DATA EXCERPTS:
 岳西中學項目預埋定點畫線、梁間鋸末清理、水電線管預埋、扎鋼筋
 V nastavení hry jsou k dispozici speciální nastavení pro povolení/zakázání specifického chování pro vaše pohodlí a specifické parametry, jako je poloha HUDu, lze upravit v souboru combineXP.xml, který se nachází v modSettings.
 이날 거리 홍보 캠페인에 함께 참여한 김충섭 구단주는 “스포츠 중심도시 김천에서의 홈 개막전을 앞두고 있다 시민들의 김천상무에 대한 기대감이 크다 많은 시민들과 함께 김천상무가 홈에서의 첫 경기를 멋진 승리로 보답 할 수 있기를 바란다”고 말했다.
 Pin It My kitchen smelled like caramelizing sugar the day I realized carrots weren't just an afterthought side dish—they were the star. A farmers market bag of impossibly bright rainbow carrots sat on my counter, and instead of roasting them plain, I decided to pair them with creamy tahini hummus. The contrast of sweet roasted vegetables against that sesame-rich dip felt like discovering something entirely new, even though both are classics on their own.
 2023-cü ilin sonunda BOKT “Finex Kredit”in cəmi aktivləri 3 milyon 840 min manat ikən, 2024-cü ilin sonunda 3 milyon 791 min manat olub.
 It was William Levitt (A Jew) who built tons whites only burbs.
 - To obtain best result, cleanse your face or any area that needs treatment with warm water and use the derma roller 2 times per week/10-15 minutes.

...

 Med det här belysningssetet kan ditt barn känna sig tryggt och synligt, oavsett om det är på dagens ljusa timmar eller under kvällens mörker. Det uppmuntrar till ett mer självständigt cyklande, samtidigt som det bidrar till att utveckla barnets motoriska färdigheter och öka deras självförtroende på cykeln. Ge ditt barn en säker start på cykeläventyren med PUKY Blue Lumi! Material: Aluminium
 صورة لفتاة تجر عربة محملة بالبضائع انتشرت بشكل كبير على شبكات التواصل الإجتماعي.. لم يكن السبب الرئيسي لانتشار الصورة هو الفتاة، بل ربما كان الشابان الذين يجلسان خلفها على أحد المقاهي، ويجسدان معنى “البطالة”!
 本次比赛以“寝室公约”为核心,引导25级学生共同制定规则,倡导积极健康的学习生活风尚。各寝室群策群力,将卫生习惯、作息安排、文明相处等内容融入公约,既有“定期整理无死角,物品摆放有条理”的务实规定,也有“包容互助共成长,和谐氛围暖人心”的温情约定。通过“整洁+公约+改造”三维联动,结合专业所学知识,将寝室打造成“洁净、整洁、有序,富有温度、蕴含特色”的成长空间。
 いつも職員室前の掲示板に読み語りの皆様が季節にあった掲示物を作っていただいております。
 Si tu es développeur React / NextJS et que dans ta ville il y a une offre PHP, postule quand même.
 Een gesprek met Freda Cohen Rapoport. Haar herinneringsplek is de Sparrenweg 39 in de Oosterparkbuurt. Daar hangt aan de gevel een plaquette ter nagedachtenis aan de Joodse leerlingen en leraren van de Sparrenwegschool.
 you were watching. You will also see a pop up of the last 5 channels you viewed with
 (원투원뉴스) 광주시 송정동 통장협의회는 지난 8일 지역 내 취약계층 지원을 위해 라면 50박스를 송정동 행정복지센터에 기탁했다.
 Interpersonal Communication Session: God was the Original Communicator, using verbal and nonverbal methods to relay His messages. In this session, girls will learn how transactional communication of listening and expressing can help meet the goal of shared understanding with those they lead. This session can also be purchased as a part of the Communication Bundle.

...

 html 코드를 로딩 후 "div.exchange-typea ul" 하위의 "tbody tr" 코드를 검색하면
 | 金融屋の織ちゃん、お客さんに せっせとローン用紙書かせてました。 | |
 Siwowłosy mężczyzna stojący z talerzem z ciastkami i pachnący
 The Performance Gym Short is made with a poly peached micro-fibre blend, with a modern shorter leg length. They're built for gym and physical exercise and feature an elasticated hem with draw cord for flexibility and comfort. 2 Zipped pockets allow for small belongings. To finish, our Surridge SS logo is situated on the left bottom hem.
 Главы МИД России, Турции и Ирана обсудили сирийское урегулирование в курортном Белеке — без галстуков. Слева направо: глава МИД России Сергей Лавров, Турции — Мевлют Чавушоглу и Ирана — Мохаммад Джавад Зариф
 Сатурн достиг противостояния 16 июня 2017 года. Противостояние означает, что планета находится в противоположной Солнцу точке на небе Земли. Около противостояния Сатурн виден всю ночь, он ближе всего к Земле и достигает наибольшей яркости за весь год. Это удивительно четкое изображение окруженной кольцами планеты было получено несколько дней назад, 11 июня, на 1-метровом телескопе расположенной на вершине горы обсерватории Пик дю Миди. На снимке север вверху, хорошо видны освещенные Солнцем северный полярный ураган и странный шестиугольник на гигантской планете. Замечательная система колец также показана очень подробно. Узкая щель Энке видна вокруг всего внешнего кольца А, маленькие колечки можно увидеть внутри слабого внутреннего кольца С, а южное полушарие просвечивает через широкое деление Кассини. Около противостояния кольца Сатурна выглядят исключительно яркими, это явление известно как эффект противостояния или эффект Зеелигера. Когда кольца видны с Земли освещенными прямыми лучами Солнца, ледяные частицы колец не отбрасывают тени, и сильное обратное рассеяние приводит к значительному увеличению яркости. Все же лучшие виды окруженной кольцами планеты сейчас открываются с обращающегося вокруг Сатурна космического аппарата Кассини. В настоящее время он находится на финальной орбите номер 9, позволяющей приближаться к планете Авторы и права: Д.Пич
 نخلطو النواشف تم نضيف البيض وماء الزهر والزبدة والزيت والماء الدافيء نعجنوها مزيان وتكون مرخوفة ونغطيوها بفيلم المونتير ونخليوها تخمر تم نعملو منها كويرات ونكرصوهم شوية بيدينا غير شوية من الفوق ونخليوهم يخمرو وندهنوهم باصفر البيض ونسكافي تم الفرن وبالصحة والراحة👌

WORK INSTRUCTIONS:
Out of the data above, transcribe exactly and only the lines starting with the line that has "岳西中學項目預埋定點畫線、梁間鋸末清理、水電線管預埋、扎鋼筋" and going on through the line that has "V nastavení hry", both included.

SOLUTION FOR THIS EXERCISE:
 岳西中學項目預埋定點畫線、梁間鋸末清理、水電線管預埋、扎鋼筋
 V nastavení hry jsou k dispozici speciální nastavení pro povolení/zakázání specifického chování pro vaše pohodlí a specifické parametry, jako je poloha HUDu, lze upravit v souboru combineXP.xml, který se nachází v modSettings.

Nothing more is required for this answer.